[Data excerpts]

========

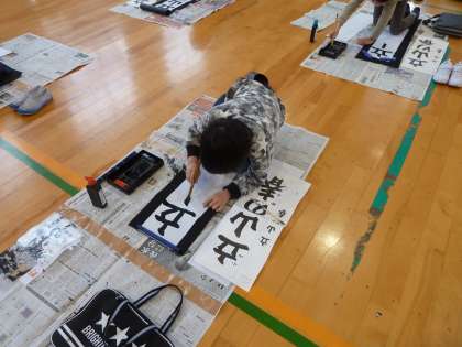 子供たちは、授業や冬休み中に練習をしてきた成果を出そうと、張り切っている様子でした。全員で書き始める際には厳かな空気に体育館が包まれました。
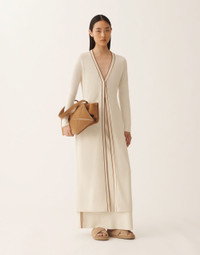 Long cardigan in organic cotton knit, defined by a contrasting trim enriched with diamond thread. An essential piece that combines purity and contemporary design, crafted in Italy through sustainable processes. Details Organic cotton Contrast trim Filo Diamante Fabric: 100% cotton Made in Italy Model MAD276F545M1810000VR1
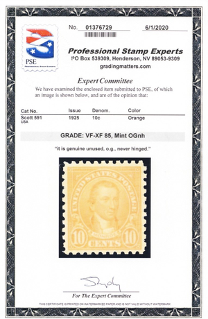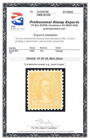 591, Mint VF/XF NH 10¢ - With PSE Graded 85 Certificate * Stuart Katz
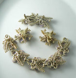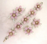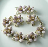 Vintage Pale Mauve Spring Flower Parure, bracelet, brooch and earrings Plastic flower with rhinestone centers set in gold tone metal. The bracelet measures 7 1/4" and has a fold over clasp. The brooch measures 2 3/4" in diameter. The clip earrings measure 1 1/4' in diameter. Excellent condition.
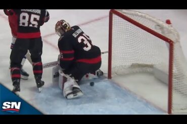 Les sénateurs gardiens Linus Ullmark soumettent son entrée pour la sauvegarde de l’année, en quelque sorte en train de se…
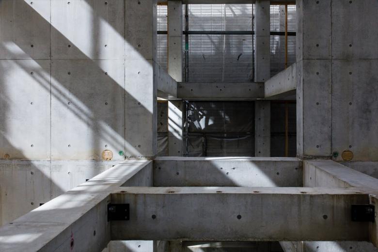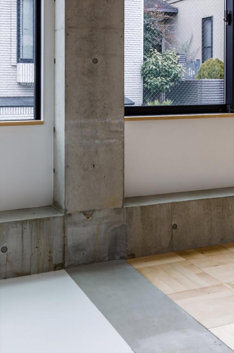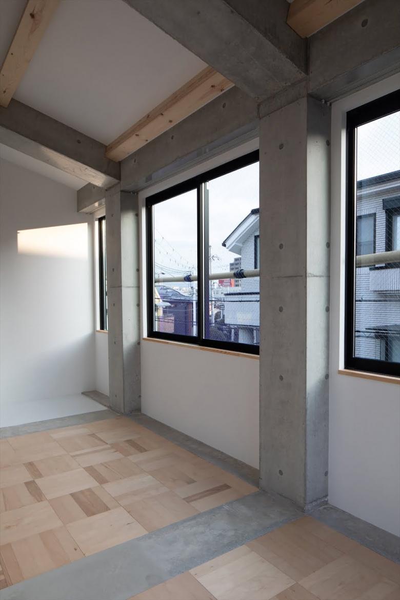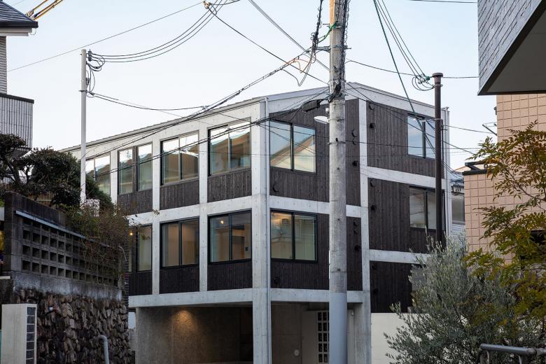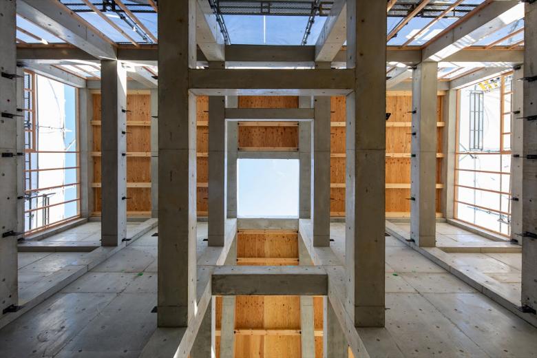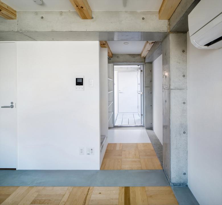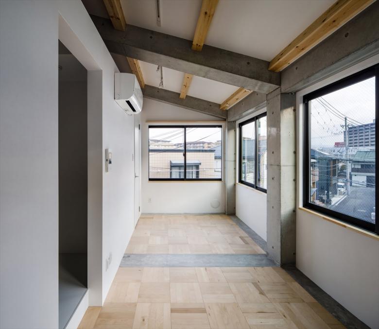 構造は350角のRCラーメン構造の柱梁に木の壁・床・屋根を嵌め込んだ1時間準耐火構造(木三共)の混構造建物とした。外壁は耐風圧をコンクリートの柱梁に依ることで下地を45mm角の杉材下地で構成し、内部天井は燃え代設計のために決められたやや大ぶりな木小梁と準耐火構造のために2重に貼られた12.5mmの石膏ボードをあらわした。固いRCと柔らかな木架構の組み合わせによって、40㎡の1LDKにしたり、床を解体して80㎡のメゾネット住戸にしたりと、平面だけでなく立体的にも将来の変化に柔軟に対応するための余白を潜在的に内包し、静かに未来の状態変化を待っているような「状況の中の建築」を目指した。
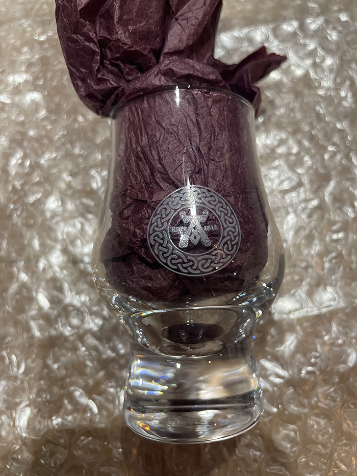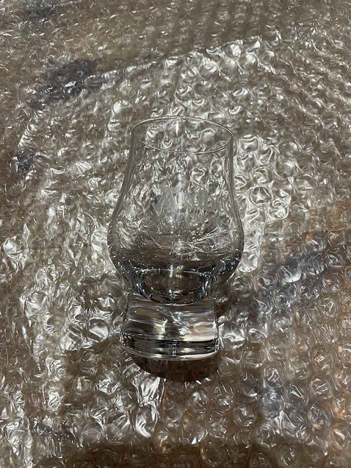 2019年までは年が入っていたので、古いものか、最新のものかどちらかだと思います。が、2020年は早々に蒸留所を閉鎖したはずなので、古いものなのかなと思われますが、この5年、年度の書かれたグラスがでまわっていないので、年度の記載はやめたのだと思っております。
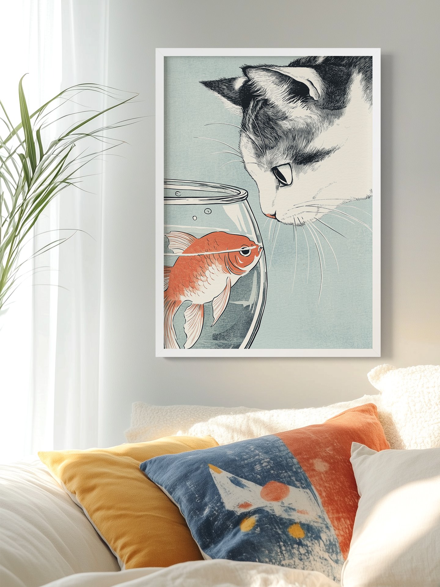 ‌En la imagen, un gato se acerca curiosamente al pecero y mira al pez de colores dentro. Los ojos del gato están concentrados y el pez también parece darse cuenta. Toda la imagen está llena de diversión, agregando un ambiente dinámico al hogar.
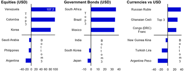 Jako obvykle se špatné zprávy prodávají dobře a většina nejčtenějších článků byla negativního charakteru. Většina z nich vyšla ve dnech následujících po oznámení celních sazeb v „den osvobození“ 2. dubna (pozn.: v roce 2024 se celní sazby v 20 nejčtenějších článcích vůbec neobjevily). První zmínka o vojenském konfliktu se objevila v článku č. 14 a druhá zmínka o Fedu až v článku č. 38, kde se hovořilo o pokusu prezidenta Trumpa odvolat guvernérku Lisu Cookovou. Domnívám se, že pozitivní výsledky trhu vděčí za mnoho odolnosti globální ekonomiky a pokračujícímu uvolňování měnové politiky ze strany většiny centrálních bank. Cla a další geopolitické faktory přinesly pouze dočasnou volatilitu (viz obrázek 2). Na základě rozhovorů s investory z celého světa byly hlavními specializovanými tématy umělá inteligence a zlato. Dluhopisy sice zaostávaly za akciemi, ale podle mého názoru dosáhly slušných výnosů, zejména pokud je měříme v amerických dolarech (viz obrázek 3). Silné výnosy zaznamenaly i americké dluhopisy, ale vyrovnaly se jim dluhopisy rozvíjejících se trhů a překonaly je dluhopisy evropské (v amerických dolarech). Obrázek 4 ukazuje výsledky našeho ročního žebříčku v rámci jednotlivých skupin aktiv. Rozvíjející se trhy často dominují na obou koncích spektra, i když japonské státní dluhopisy se již třetí rok po sobě umisťují mezi třemi nejhoršími. Venezuela vedla žebříček akcií, a to jak v místní, tak ve společné měně (Čína byla nejvýkonnějším velkým akciovým trhem). Jinak se pozitivní výnosy argentinských akcií změnily na negativní, pokud byly měřeny v amerických dolarech. Navzdory stabilizaci během čtvrtého čtvrtletí roku 2025 argentinské peso oslabilo o více než 20 % (vůči americkému dolaru) a turecká lira byla také ovlivněna vysokou mírou inflace. Ruský rubl se po silném roce blíží předválečné úrovni.
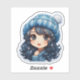 Um belo adesivo de férias mostra um personagem encantador, adornada com um chapéu azul e suéter aconchegantes, pronto para celebrar o Natal. Flocos de neve espumantes cercam-na, evocando a magia das festividades de inverno e o espírito de feriado alegre.
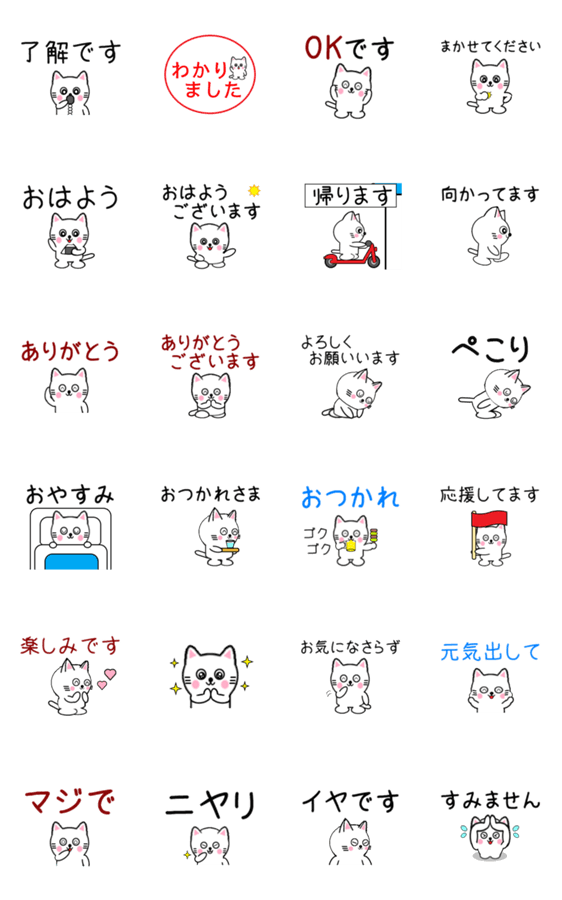 動く白いねこのスタンプの第5弾です。

========

Your goal:
Nothing but the lines from the start of the records through the line holding "591, Mint VF/XF" should be printed, exactly as written and with the pictures left out.

Written reply:
 子供たちは、授業や冬休み中に練習をしてきた成果を出そうと、張り切っている様子でした。全員で書き始める際には厳かな空気に体育館が包まれました。
 Long cardigan in organic cotton knit, defined by a contrasting trim enriched with diamond thread. An essential piece that combines purity and contemporary design, crafted in Italy through sustainable processes. Details Organic cotton Contrast trim Filo Diamante Fabric: 100% cotton Made in Italy Model MAD276F545M1810000VR1
 591, Mint VF/XF NH 10¢ - With PSE Graded 85 Certificate * Stuart Katz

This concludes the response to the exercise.